BBC NEWS | Asia-Pacific | Rows may overshadow Asian summits

BBC NEWS | Asia-Pacific | Rows may overshadow Asian summits Rows may overshadow Asian summits
By Jonathan Kent
BBC News, Kuala Lumpur

East Asia's leaders are gathering in the Malaysian capital Kuala Lumpur for talks which could shape the economic future for half the world's population.

However, the situation in Burma and an ongoing row between Japan and its neighbours could overshadow attempts to make trade deals at the Asean summit.

The next three days will see a dizzying series of meetings.

Leaders of Asean's 10 south-east Asian countries will also meet premiers from India, China, Japan and South Korea.

Then on Wednesday, the inaugural East Asia summit will bring them all together with Australia and New Zealand as well.
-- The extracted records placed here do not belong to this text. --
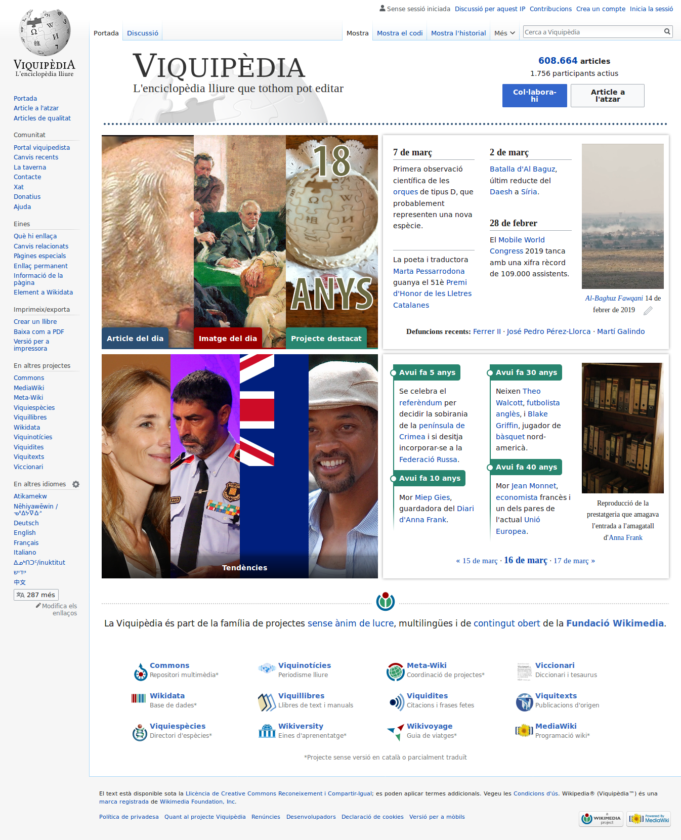 Screenshot of the Catalan Wikipedia's main page on 2019-03-16
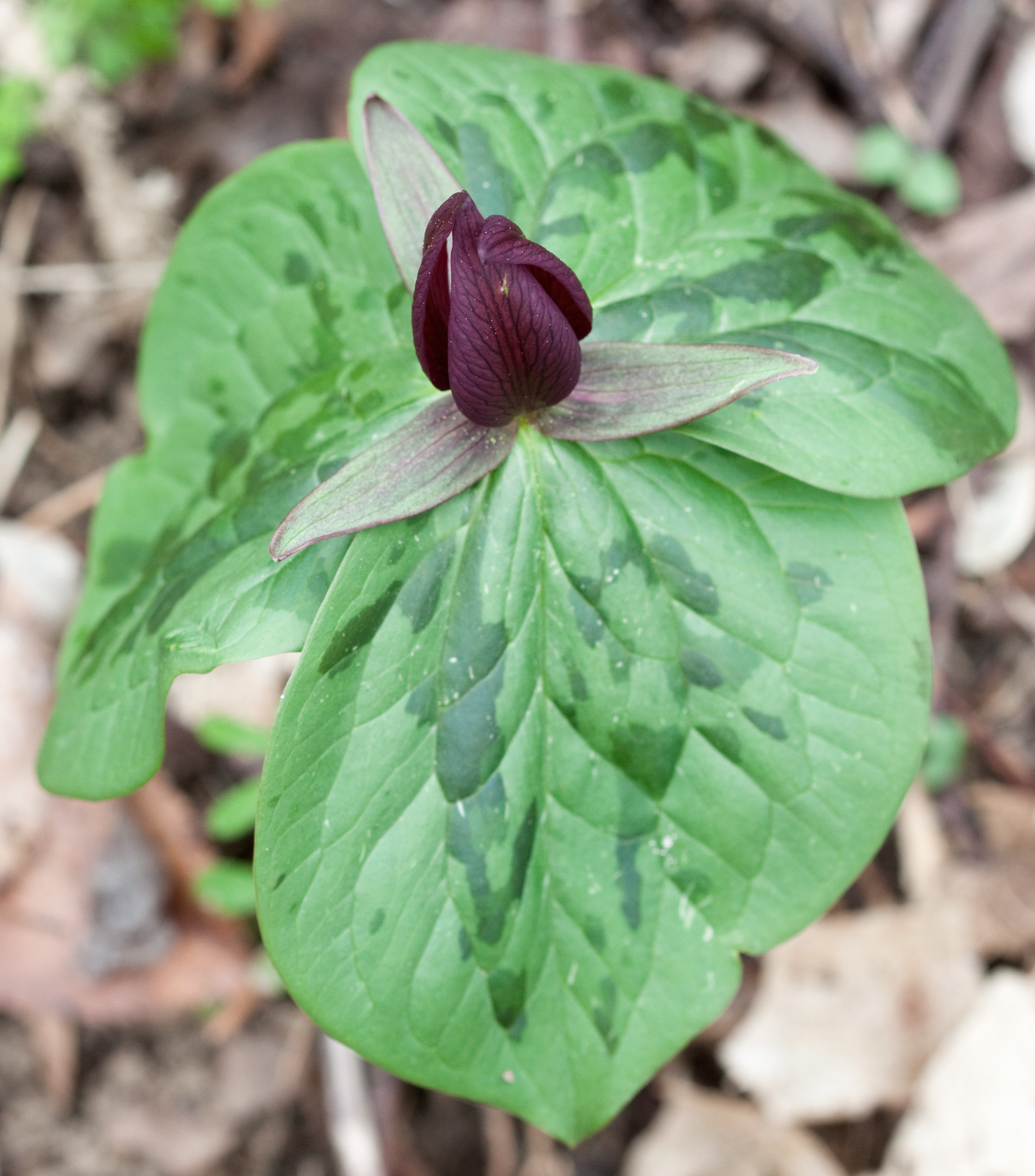 A Toadshade trillium (Trillium sessile) found at Radnor Lake in Nashville, Tennessee
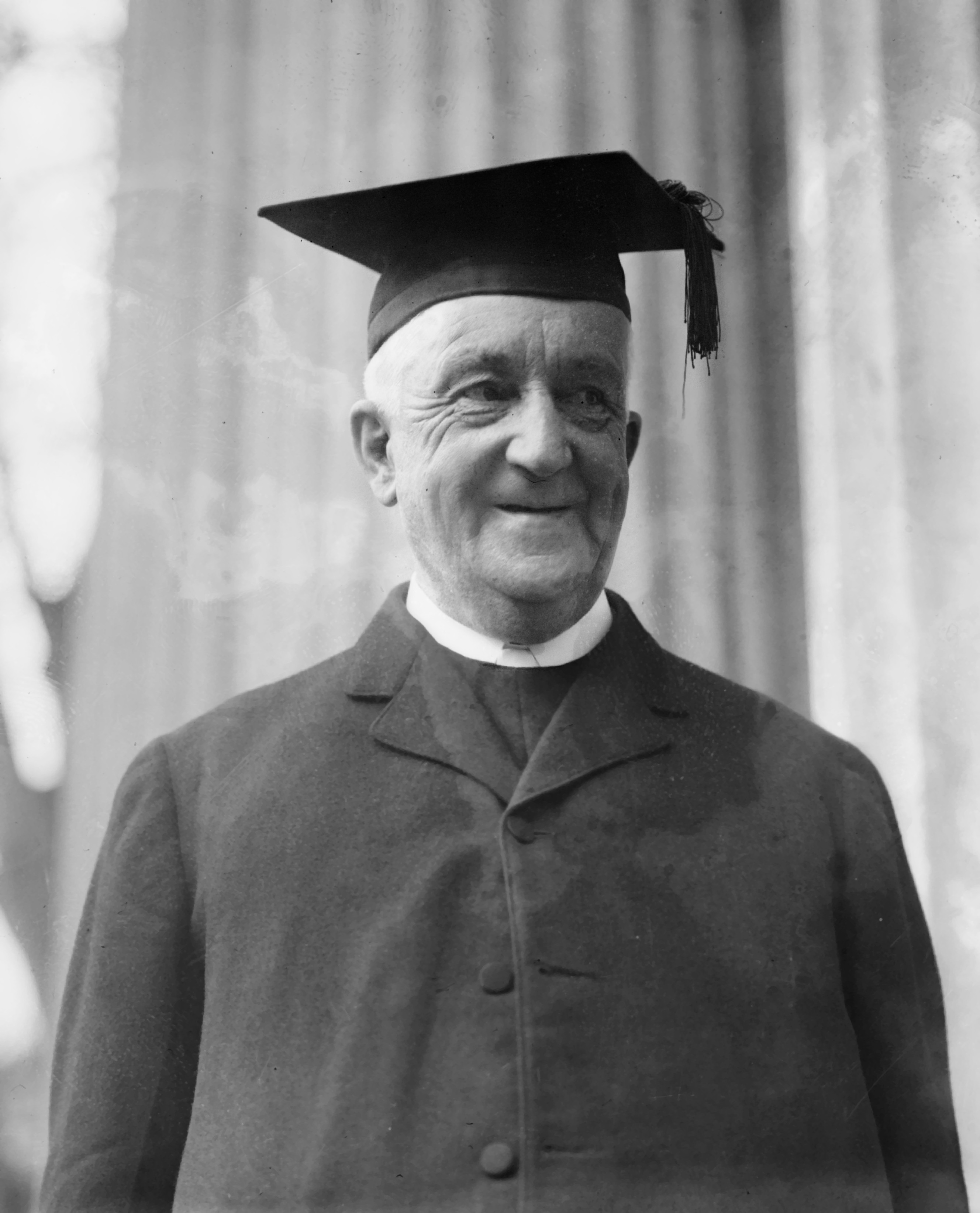 Bain News Service,, publisher. Samuel Hart in 1913 [between ca. 1910 and ca. 1915] 1 negative : glass ; 5 x 7 in. or smaller. Notes: Title from unverified data provided by the Bain News Service on the negatives or caption cards. Forms part of: George Grantham Bain Collection (Library of Congress). Format: Glass negatives. Repository: Library of Congress, Prints and Photographs Division, Washington, D.C. 20540 USA, General information about the Bain Collection is available at Persistent URL: Call Number: LC-B2- 2893-6

Even Russia's President Vladimir Putin is here on the sidelines.

Japan scolded

There is much talk of free trade agreements, of economic cooperation and integration.
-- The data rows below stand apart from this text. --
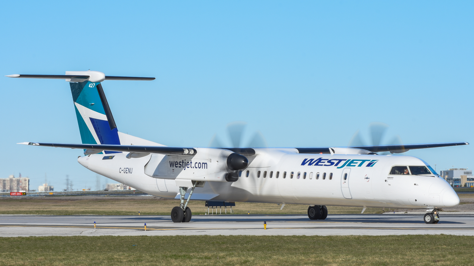 Westjet Bombardier Dash 8 Q400
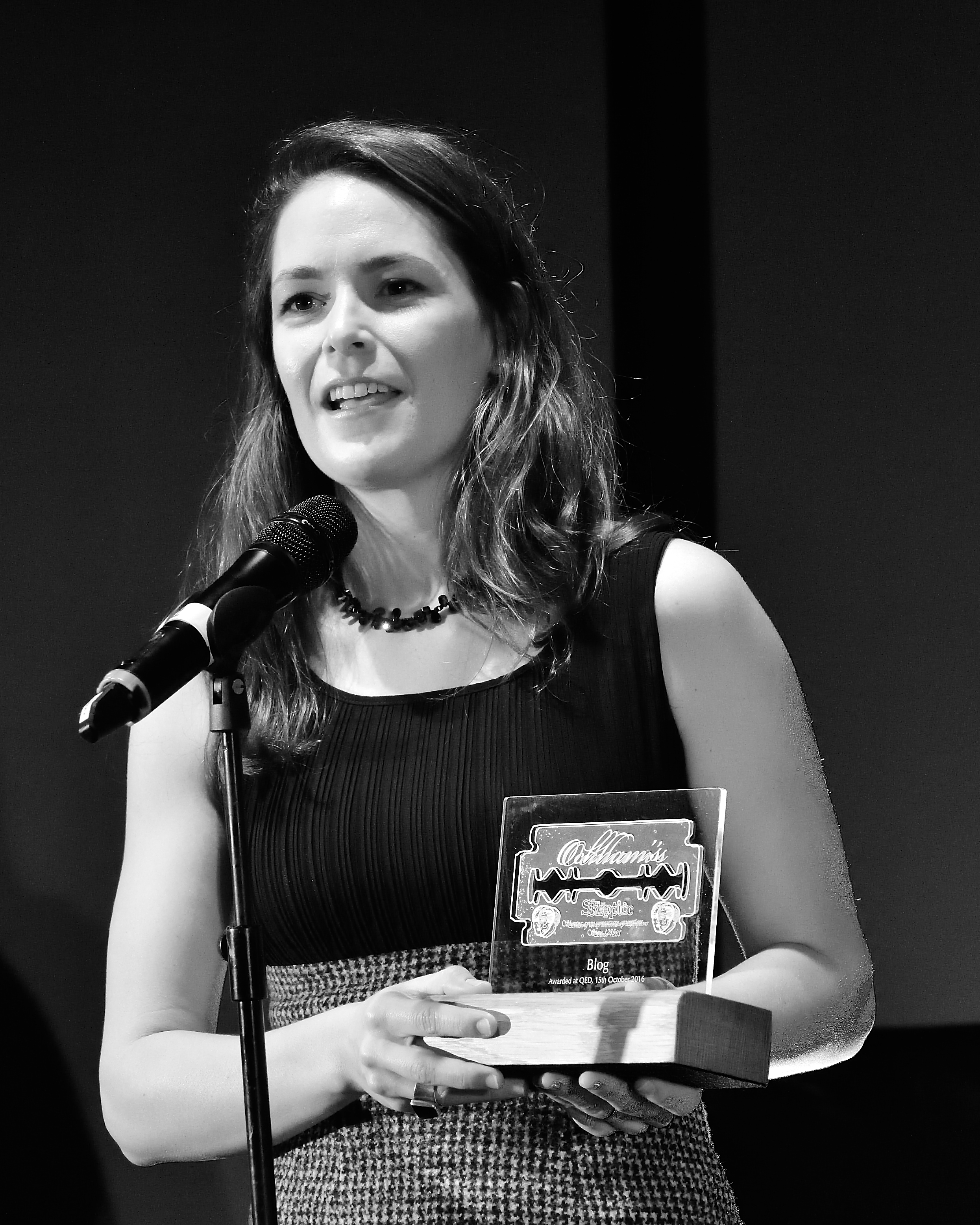 Britt Marie Hermes at QED 2016 with Best Blog Ockham Award
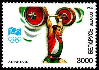 Stamp of Belarus
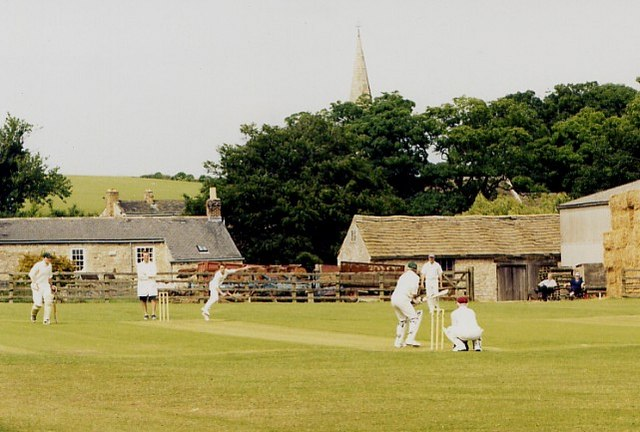 Village cricket, Ledsham The classic English village scene on midsummer's day, 2003. All Saints church spire pokes above the trees.

There have been calls for the region to work together to develop new oil refineries and energy sources.

On Wednesday the16 participating nations are due to sign a pledge to fight bird flu.
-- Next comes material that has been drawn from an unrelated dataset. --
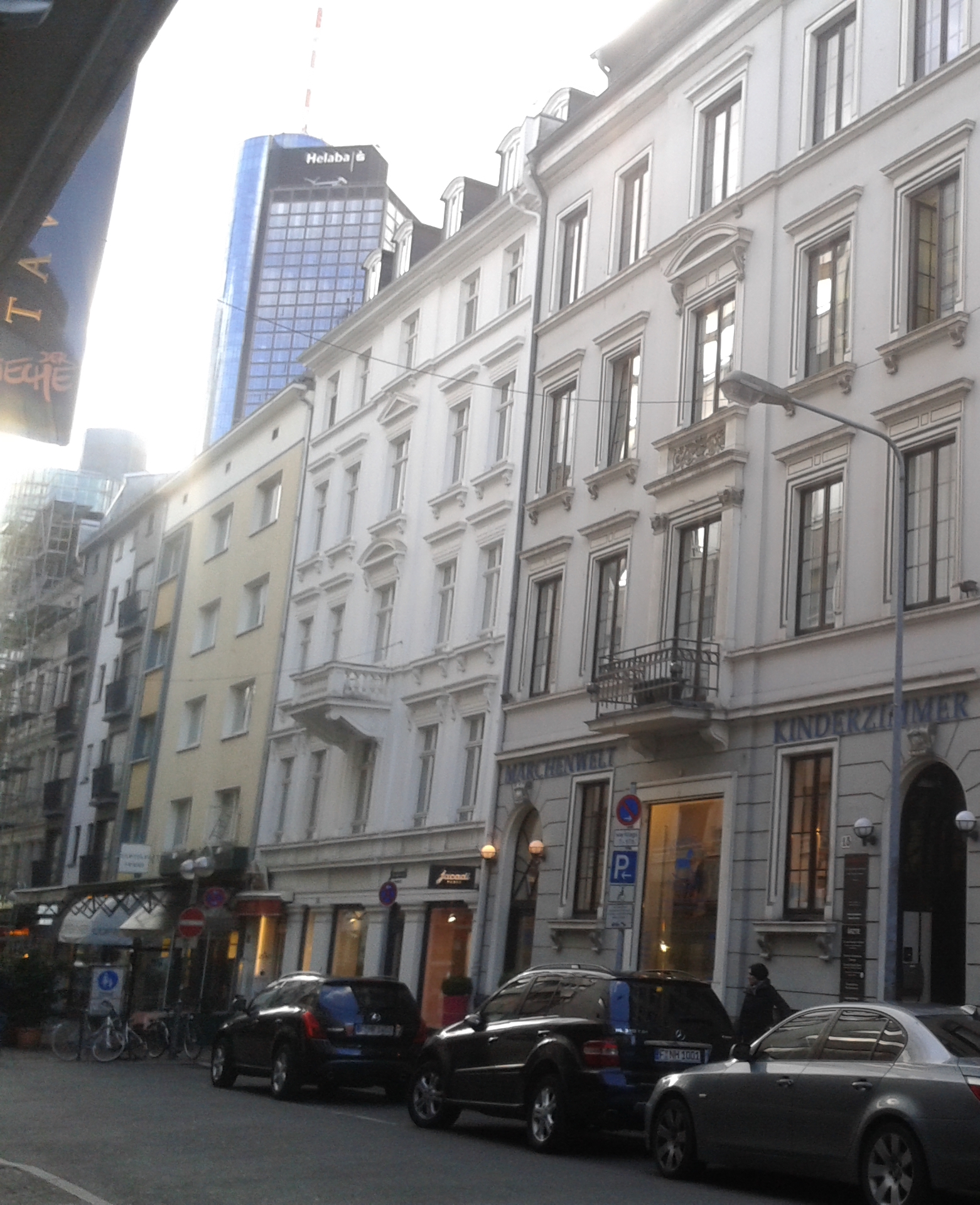 Kaiserhofstraße 15, 13, Frankfurt

But all that risks being eclipsed.

Asean's leaders say they have secured an agreement to send a delegation to Burma which they hope will meet the country's opposition leader, Aung San Suu Kyi.

That may be enough to allow them to focus on other issues.

But Japan has again received a telling-off from both China and South Korea over its leader's continued visits to a shrine where war criminals are among those buried, so the annual three-way talks between north-east Asia's big players seem fated not to go ahead.